The following terms are used throughout the document and source code:
- Cell: A cell on the nonogram grid.
- Box: A filled cell.
- Space: An space "X" cell.
- Chain: A chain of boxes defined by one of the numbers outside the grid.
- Range: Refers to the range of positions a chain could have.
The approach this algorithm takes is to narrow down the location of each chain. Then spaces and boxes are filled in and the process is repeated until the nonogram is solved.
To narrow down the location three techniques are used. These have to be applied in order! We will only take a look at how to find the start of the range. Finding the end is the same process just in the opposite direction.
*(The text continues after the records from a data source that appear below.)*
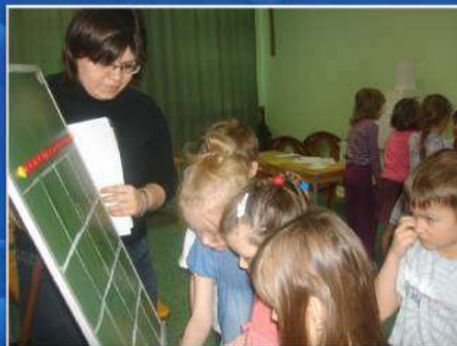
«Разложите геометрические фигуры по инструкции»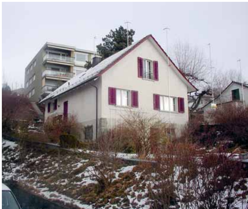
Innenentwicklung umfasst mehr als nur die bauliche Transformation des Bestands.

Bruno Widmer Witali Späth Regionalplanung Zürich und Umgebung RZU Seefeldstrasse 329, 8008 Zürich Telefon 044 387 10 43 info@rzu.ch www.rzu.ch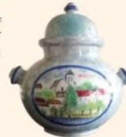
Baude, pot à couvercle avec vue de Montigny (DR)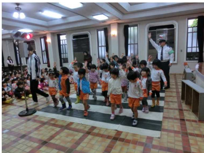
【新入園児、児童へ横断歩道の渡り方指導】

If there are boxes on the right that cannot be covered by the chain on the right, then they must belong to this chain. In the example below, we can set the start of the range of the first chain to the indicated area.
How to implement:
- Take the start of the chain of the right (if there is any).
- Iterate backward.
- Stop at the first box with the same color.
- Subtract the length of the chain.
See: nonogram_rs::algo::chain::Chain::update_start_by_box_at_end
Two chains with the same color cannot be adjacent to each other. Thus, if the cell to the left of the start is a box with the same color, we have to set the start past these boxes.
How to implement:
- Look at the cell to the left of the start (if there is any).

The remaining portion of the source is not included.